Publication number: US20020133332A1
Application number: US09/904,222
Authority: US
Inventors: Linkai Bu; Tzi-Dar Chiueh
Original assignee: VerbalTek Inc
Current assignee: VerbalTek Inc
Priority date: 2000-07-13
Filing date: 2001-07-12
Publication date: 2002-09-19

Abstract

An apparatus and method for accurate speech recognition of an input speech spectrum vector in the Mandarin Chinese language comprising selecting a set of nine stationary Mandarin vowels for use as phonetic feature reference vowels, calculating projection and relative projection similarities of the input vector on the nine stationary Mandarin reference vowels, selecting from among said nine stationary Mandarin vowels a set of high projection similarity vowels, selecting from said set of high projection similarity vowels, the stationary Mandarin vowel having the highest relative projection similarity with the input vector, and selecting a vowel from said nine stationary Mandarin vowels responsive to a projection similarity measure if said set of high projection similarity vowels is null.

Description

FIELD OF THE INVENTION

This invention relates generally to automatic speech recognition systems and more particularly to a vowel vector projection similarity system and method to generate a set of phonetic features.

BACKGROUND OF THE INVENTION

The Mandarin Chinese language embodies tens of thousands of individual characters each pronounced as a monosyllable, thereby providing a unique basis for ASR systems. However, Mandarin (and indeed the other dialects of Chinese) is a tonal language with each word syllable being uttered as one of four lexical tones or one natural tone. There are 408 base syllables and with tonal variation considered, a total of 1345 different tonal syllables. Thus, the number of unique characters is about ten times the number of pronunciations, engendering numerous homonyms. Each of the base syllables comprises a consonant (“INITIAL”) phoneme (21 in all) and a vowel (“FINAL”) phoneme (37 in all). Conventional ASR systems first detect the consonant phoneme, vowel phoneme and tone using different processing techniques. Then, to enhance recognition accuracy, a set of syllable candidates of higher probability is selected, and the candidates are checked against context for final selection. It is known in the art that most speech recognition systems rely primarily on vowel recognition as vowels have been found to be more distinct than consonants. Thus accurate vowel recognition is paramount to accurate speech recognition.

SUMMARY OF THE INVENTION

An apparatus and method for accurate speech recognition of an input speech spectrum vector in the Mandarin Chinese language comprising selecting a set of nine stationary Mandarin vowels for use as phonetic feature reference vowels, calculating projection and relative projection similarities of the input vector on the nine stationary Mandarin vowels, selecting from among said nine stationary Mandarin vowels a set of high projection similarity vowels, selecting from said set of high projection similarity vowels, the stationary Mandarin vowel having the highest relative projection similarity with the input vector, and selecting a vowel from said nine stationary Mandarin vowels responsive to a projection similarity measure if said set of high projection similarity vowels is null.

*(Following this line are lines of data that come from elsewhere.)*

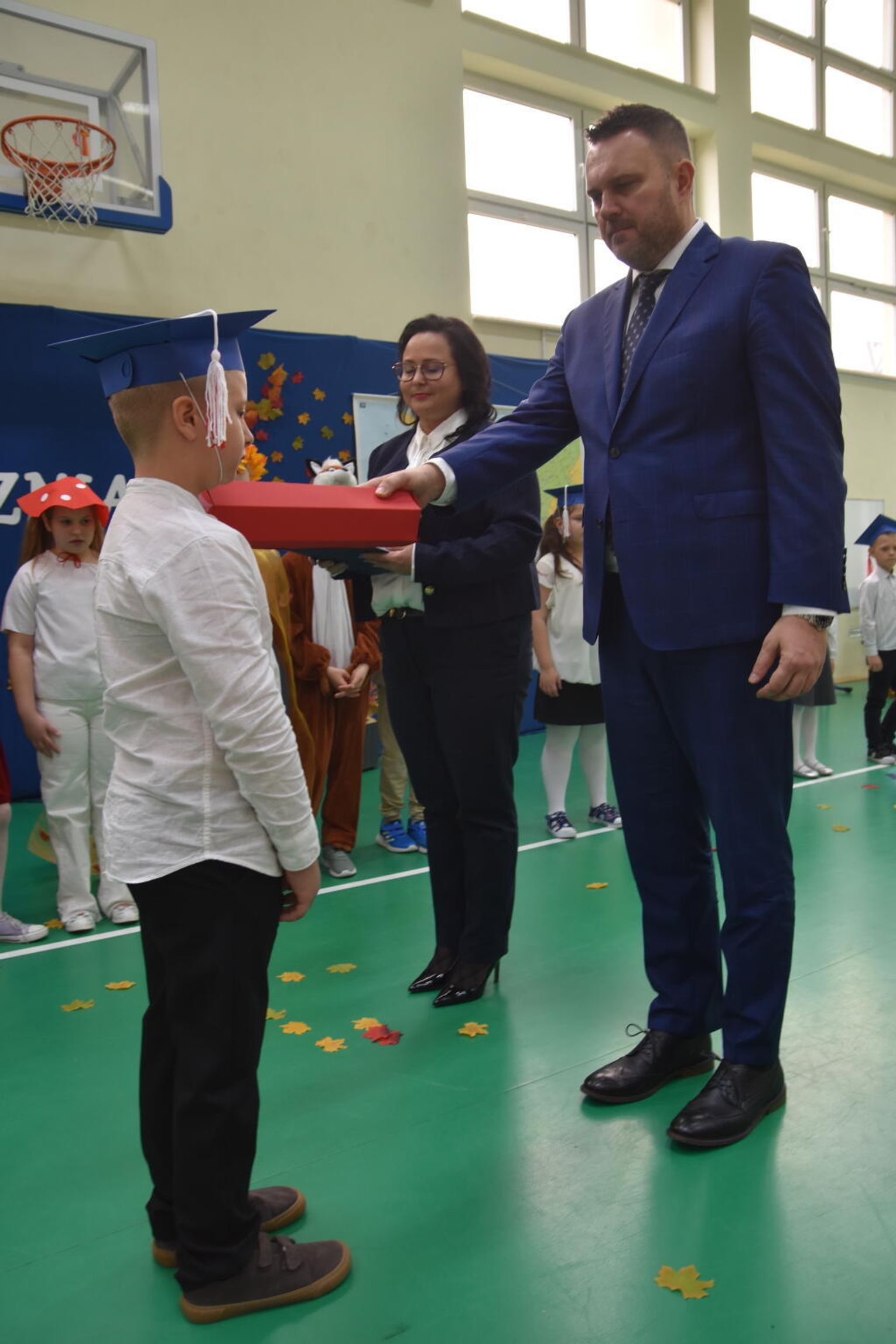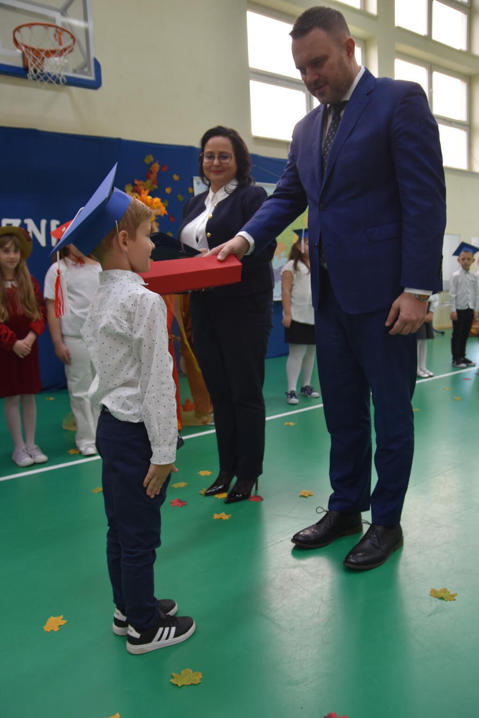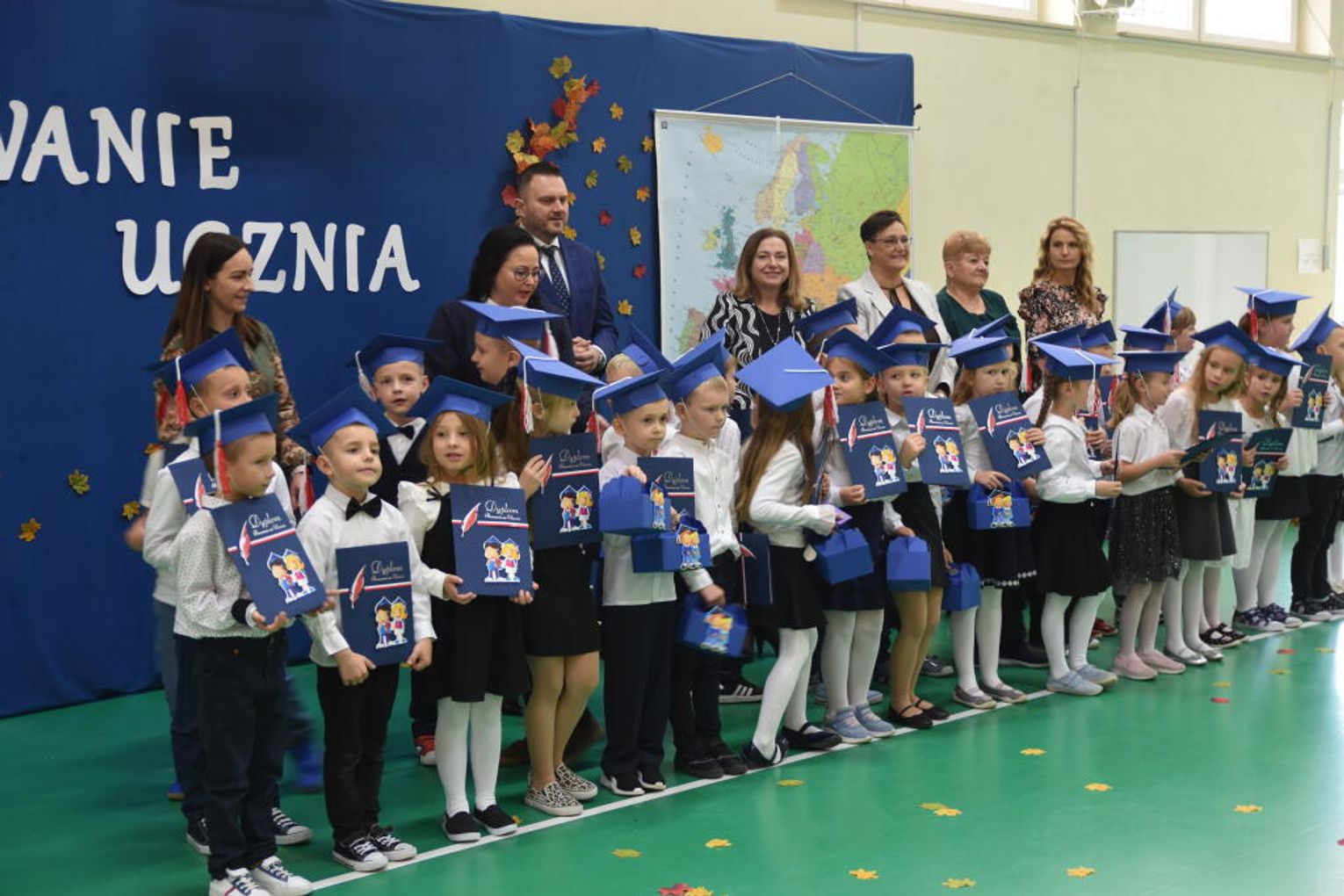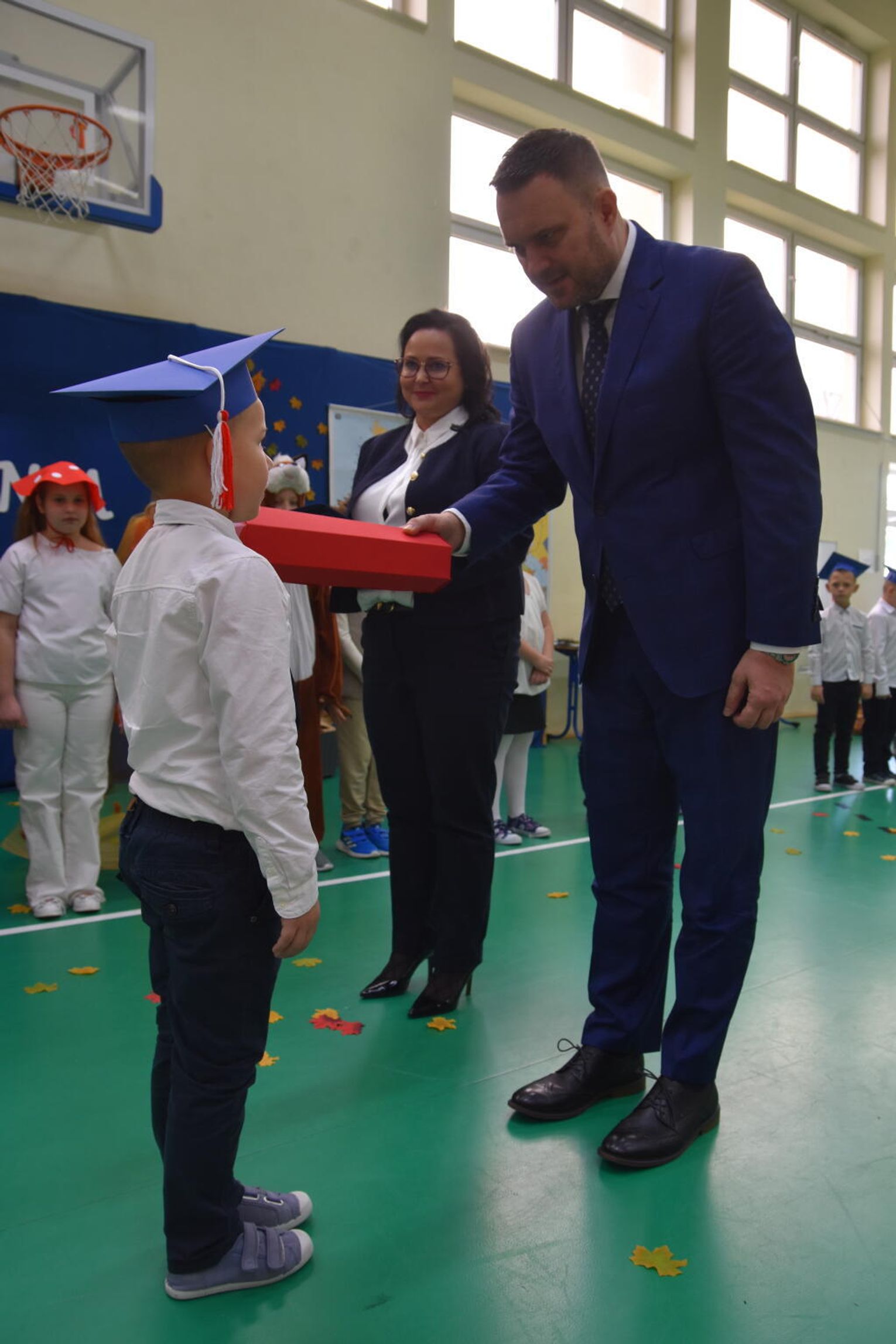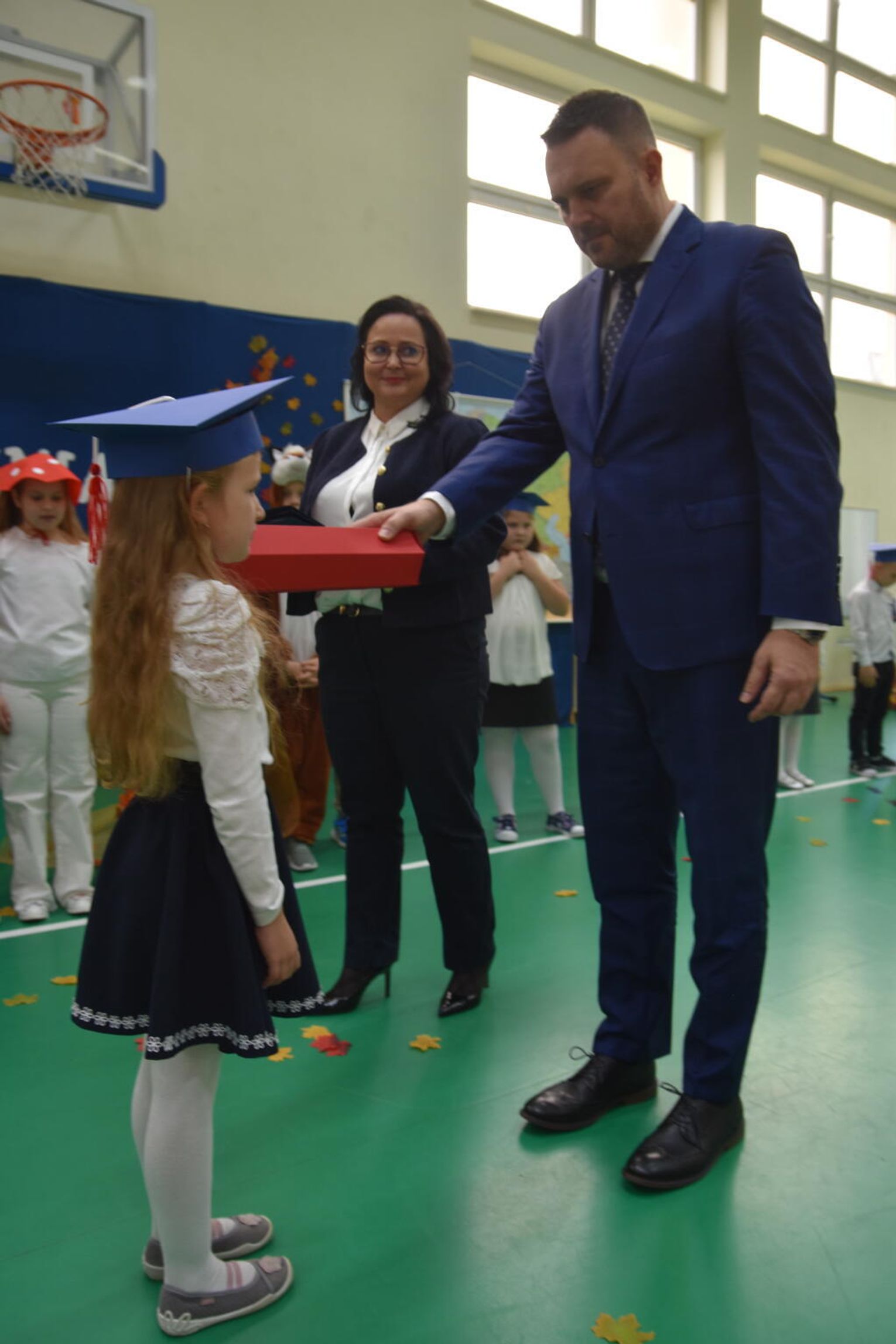 Na uroczystości obecna była również wójt gminy Biskupice - Renata Gawlik, która złożyła pierwszakom serdeczne gratulacje oraz życzyła im wielu sukcesów na nowej drodze edukacyjnej. W trakcie wydarzenia podziękowano także wychowawczyniom klas pierwszych – Lidii Satole oraz Sylwii Biros – za ich zaangażowanie w przygotowanie dzieci do tego ważnego dnia.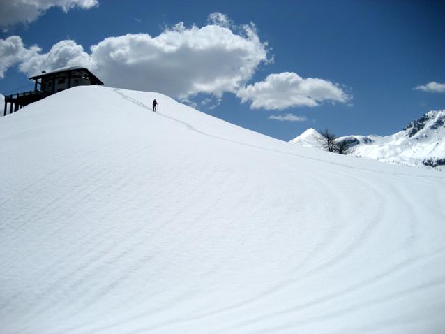 Ho messo solo tre asterischi perchè mai , e sottolineo mai, ho provato una sensazione di pericolo come oggi nel fare questa salita solitamente facile e non pericolosa.La neve inizia praticamente dall’arrivo della seggiovia,era marcia e quindi molto pesante per tracciare la pista.Solo nella parte terminale si riusciva a non sprofondare.Dovevamo salire il torrione di Lagoscuro, ma quando guarderete la foto allegata capirete perchè abbiamo ridimensionato la meta della nostra gita.Ci siamo fermati al rifugio Karfen perchè la crestina era insidiosa,infatti cosa che ho visto per la prima volta in 20 anni che vengo da queste parti,in settimana si è staccata una valanga dalla punta ed è arrivata quasi fino alla seggiovia!!Poi il versante per l’aggiramento era invece veramente poco sicuro e quindi abbiamo desistito.Forse pecchiamo di eccessiva prudenza, ma le disgrazie di questi giorni ci confermano che abbiamo fatto bene.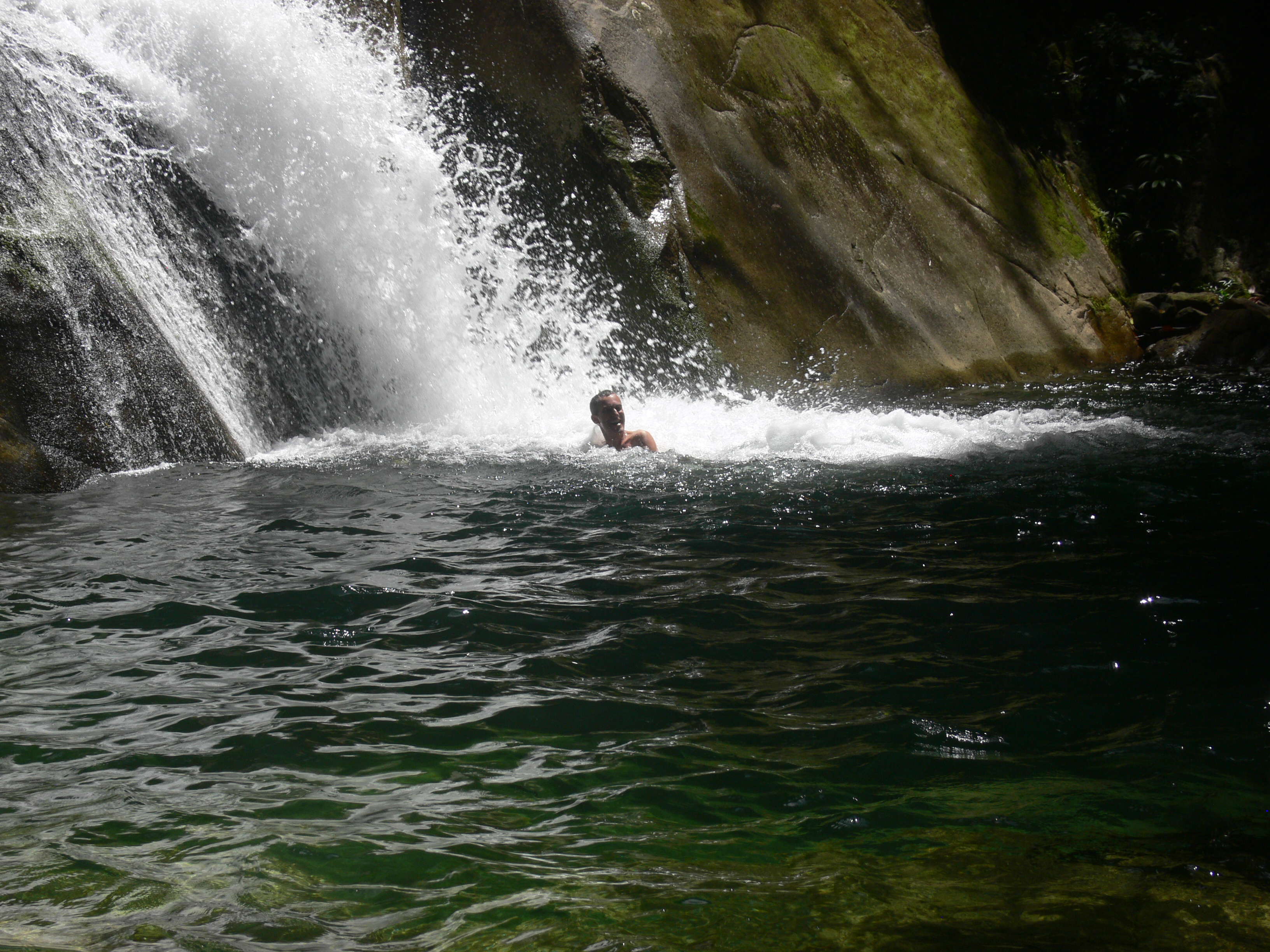 We decided to spend our anniversary weekend away, and Sandra had heard of a town to the west surrounded by waterfalls. We arrived at our B&B late on Friday night, lucky to have found a tuktuk when we got off the bus, because they normally stop running at 10pm. The driver, as everyone we met, was very friendly and helpful, making sure we reached our home despite poor directions from the host and despite our road being closed. Ernesto, the host’s husband, was waiting for us and delighted in recommending which waterfalls to spend our time on. Top of the list was El Chispero, which is the fall you can see me swimming under. The water was cold, but we needed the refreshing dunk as a respite from the tropical heat.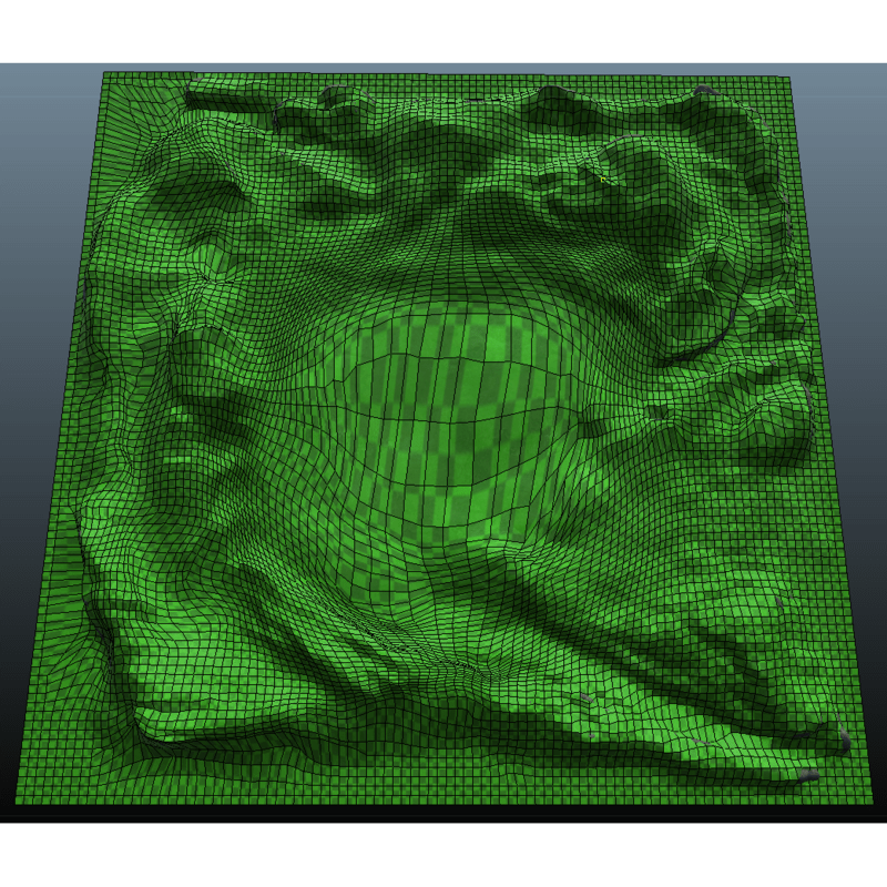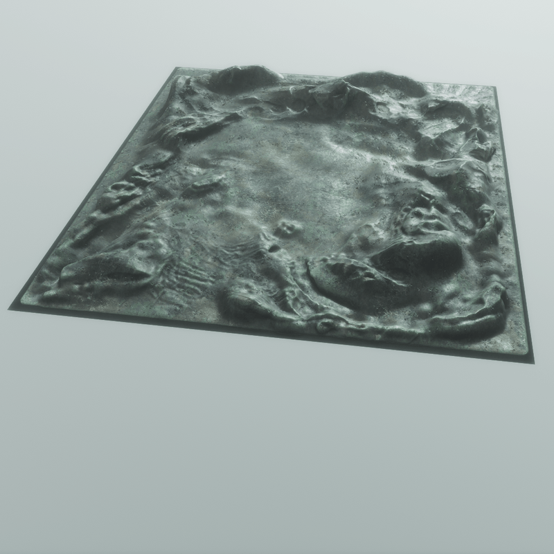 18432 triangles This is meant as a larger scenery in the center of which you place a smaller terrain and water. Texture is surreal, as of bronze colour. You should be able to replace the texture with the help of the ambient occlusion map included here.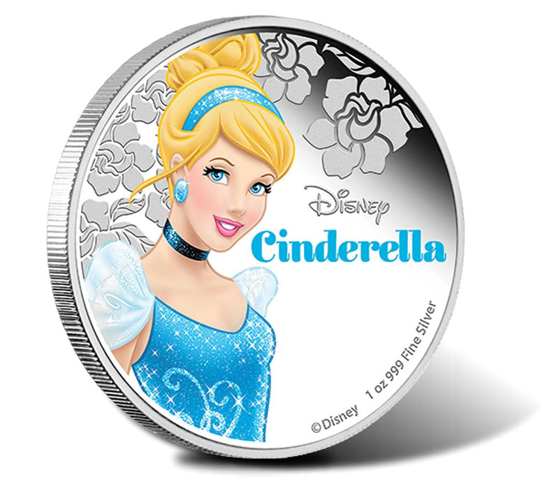 Limited to 10,000 and priced at AUS $97.73 or US $76.36, Disney Princess Cinderella silver coins are struck in one ounce of 99.9% fine silver to a diameter of 40.60 millimeters.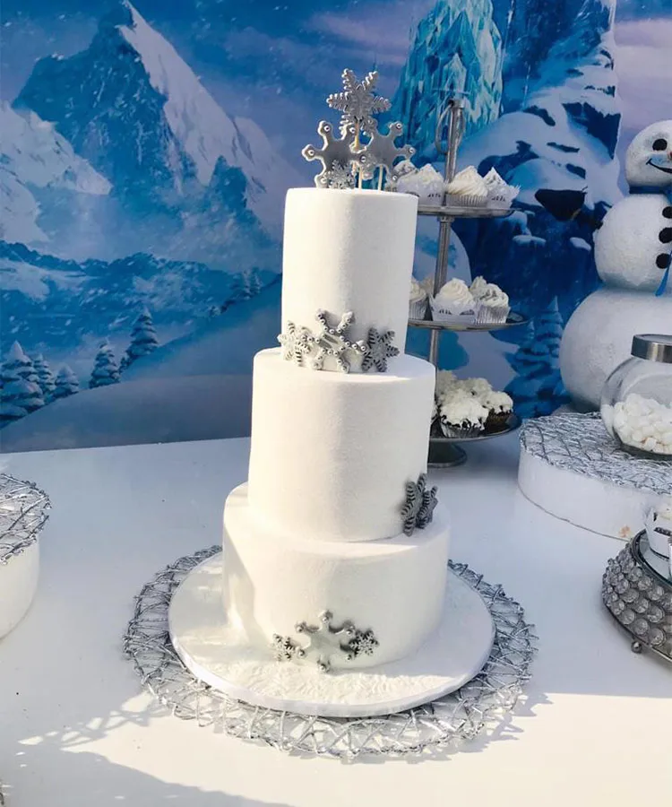 A tall white cake with delicate snowflake decorations is a true showstopper. Add silver or pearl accents to make the design sparkle under soft lighting. It’s a simple yet stunning choice that perfectly captures the clean, crisp beauty of winter.

BRIEF DESCRIPTION OF THE DRAWINGS

FIG. 1 is a spectrogram of a stationary vowel “i” and a non-stationary vowel “ai”. [0004]
FIG. 2 is a spectrogram of, and the mel-scale frequency representation of, the nonstationary vowel “ai”. [0005]
FIG. 3([0006] a) shows projection similarity as proportional to the projection of an input vector x along the direction of a reference vector c^(k); 3(b) shows spectrally similar reference vowels, “i” and “iu”, where the projection similarities of the input vector on those similar reference vowels will all be large
FIG. 4 is a vector diagram depicting relative projection similarity for two-dimensional vectors. [0007]
FIG. 5 is a plot of the phonetic feature profile of the Mandarin vowel “ai” showing the transitions among the reference vowels according to the present invention. [0008]
FIG. 6([0009] a) shows the projection similarity to a⁽⁸⁾(the vertical axis) and to a⁽⁶⁾(the horizontal axis) of the vowel “i” (dark dots) and the vowel “iu” (light dots).
FIG. 6([0010] b) a comparison of the discernibility of projection similarity (without relative projection similarity) and the present invention's phonetic feature scheme for the reference spectra of the same vowels.
FIG. 7 is a graph of the “iu” phonetic feature versus the “i” phonetic feature with as a parameter having larger value with increasing grey scale according to the present invention.[0011]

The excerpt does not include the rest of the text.